Она открывает заспанные глаза, видит перед собой Белую, и все испытанные эмоции проносятся в её голове круговоротом; она смаргивает сонливость, резко дёргается и оглядывается назад.
Замечает маленькое тельце на полу — полуживое, едва дышащее. Замечает серые, лишённые цвета тела Кристальных самоцветов, стоящих по струнке.
Два и два Розовая складывает без проблем.
Белая всегда всё делает исключительно для своей империи. Она взрастила её и заботится о ней, как родная мать. Она тонко чувствует её состояние, она всё делает для её благосостояния.
— Пусти меня, пусти меня вниз! — отчаянно взывает Розовая, дёргает руками, пытаясь вырваться.
— Право, мой Звёздный Свет, не стоит.
Когда империи понадобился новый Алмаз, она дала его ей, дала сразу двух, чтобы уж точно, с лихвой.
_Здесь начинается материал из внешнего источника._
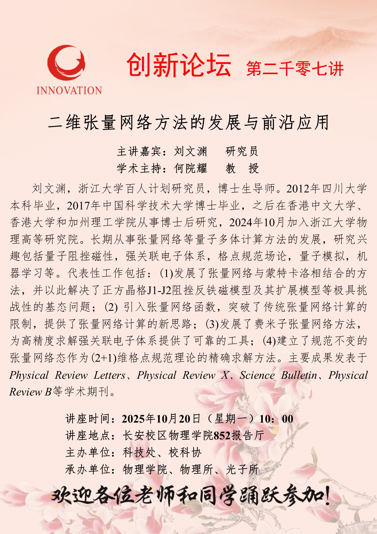 刘文渊 研究员 bat365正版唯一官网创新论坛第二千零七讲:二维张量网络方法的发展与前沿应用 讲座时间 2025年10月20日(星期一)10:00 讲座地点 长安校区物理学院852报告厅 讲座人介绍 刘文渊 研究员 讲座内容

Когда империи понадобился новый цвет, она и его подготовила. Всё должно быть гармонично, всё на своих местах, всё должно работать, все шестерёнки должны крутиться без заедания.
— Дай я вылечу его!
— Тебе не нужны какие-то низшие органики и даже другие самоцветы.
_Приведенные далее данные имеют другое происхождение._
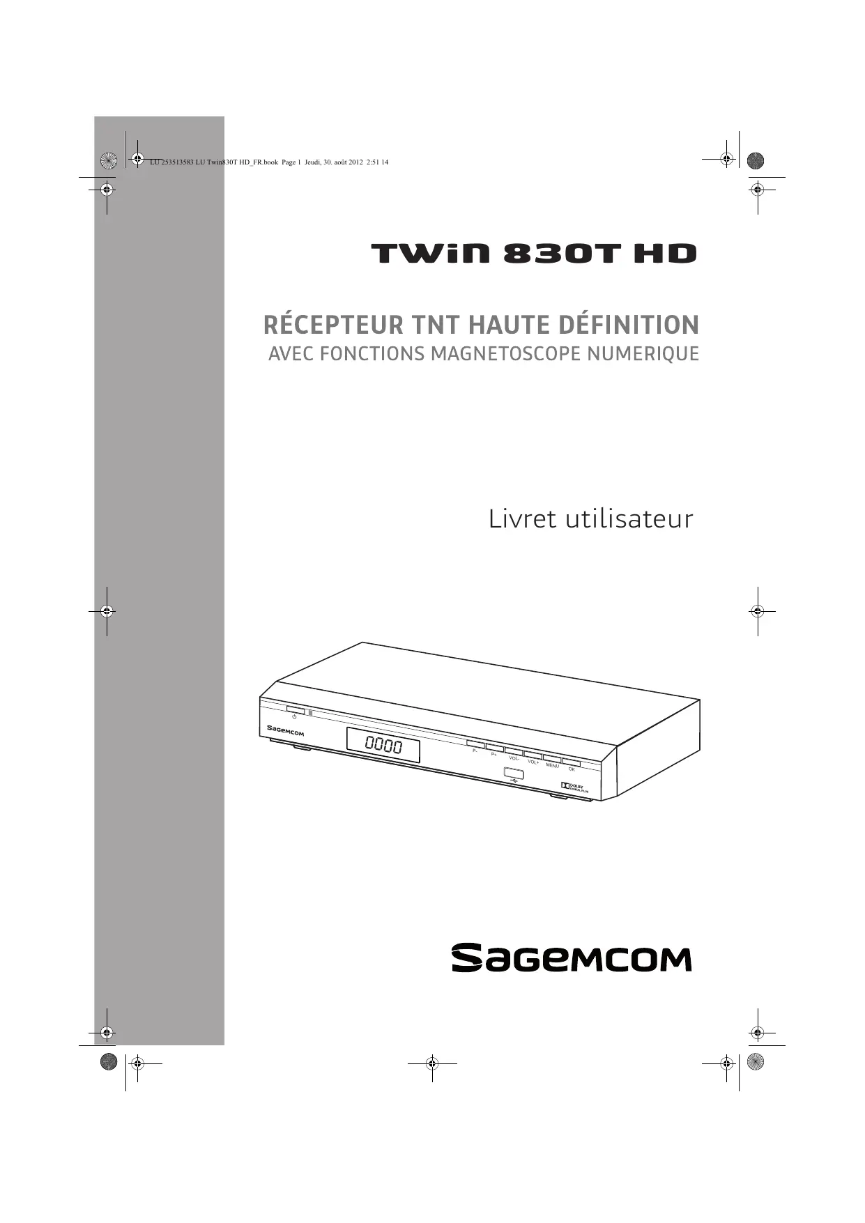 LU 253513583 LU Twin830T HD_FR.book Page 2 Jeudi, 30. août 2012 2:51 14 Twin 830T HD Toutes nos félicitations ! La nouvelle génération de récepteurs vous ouvre les portes des derniers services numériques en haute définition et vous permet, ainsi qu'à votre famille, de choisir aisément parmi les meilleures fonctions de la télévision numérique. Dès que vous aurez raccordé votre récepteur, vous pourrez profiter de la totalité des services. Vous pourrez mettre à jour votre récepteur par le signal reçu si de nouvelles fonctions ou nouveaux services sont disponibles. Le récepteur Sagemcom suit une stratégie de développement continu. Nous nous réservons donc le droit d'apporter, sans préavis, des modifications et améliorations au produit décrit dans ce livret utilisateur. Marquage CE : Le marquage CE atteste de la conformité des produits aux exigences essentielles de la directive R&TTE 1999/5/CE relative aux équipements hertziens et de télécommunication, ainsi qu'aux directives 2006/95/CE sur la sécurité, 2004/108/CE concernant la compatibilité électromagnétique et ErP 2009/125/CE relative aux exigences d’écoconception, définies par le Parlement européen et le Conseil afin de minimiser les interférences électromagnétiques, assurer la sécurité des utilisateurs et de leurs biens ainsi que préserver leur santé, et réduire l'impact des produits sur l'environnement. La déclaration de conformité CE peut être consultée sur le site www.sagemcom.com de Sagemcom, dans la section "Support", ou obtenue à l'adresse suivante : Sagemcom Broadband SAS - Service des relations clientèle 250, route de l'Empereur 92848 Rueil-Malmaison Cedex - FRANCE Copyright © Sagemcom Broadband SAS Tous droits réservés Sagemcom est une marque déposée. Ce terminal de réception Haute Définition Sagemcom répond aux spécifications "HD TV", et intègre la technologie HDMI™. Le logo "HD TV" est une marque de DIGITALEUROPE. HDMI, le logo HDMI et High-Definition Multimedia Interface sont des marques ou des marques déposées de HDMI Licensing LLC. Fabriqué sous licence de Dolby Laboratories. Dolby et le symbole double-D sont des marques déposées de Dolby Laboratories. IMPORTANT Avant de raccorder ce produit, veuillez vous renseigner sur la disponibilité de la Télévision Numérique Terrestre dans votre région. Nous vous recommandons de faire périodiquement une recherche de chaînes afin de profiter pleinement de votre récepteur (modification de signal, nouveaux services, mise à jour logicielle…). Conservez soigneusement ce livret utilisateur. Il vous sera utile en cas d’évolution des chaînes disponibles sur la TNT ; vous y trouverez notamment la procédure de recherche de chaînes.

— Я лучше знаю, что мне нужно!!!
Есть Белая и её прекрасный чистый цвет, а есть три других Алмаза, олицетворяющие три других чистых цвета. Есть белый, который не нуждается ни в чём, а есть жёлтый, голубой и красный, нуждающиеся друг в друге, не способные друг без друга жить, но по странному стечению обстоятельств красного цвета не получилось.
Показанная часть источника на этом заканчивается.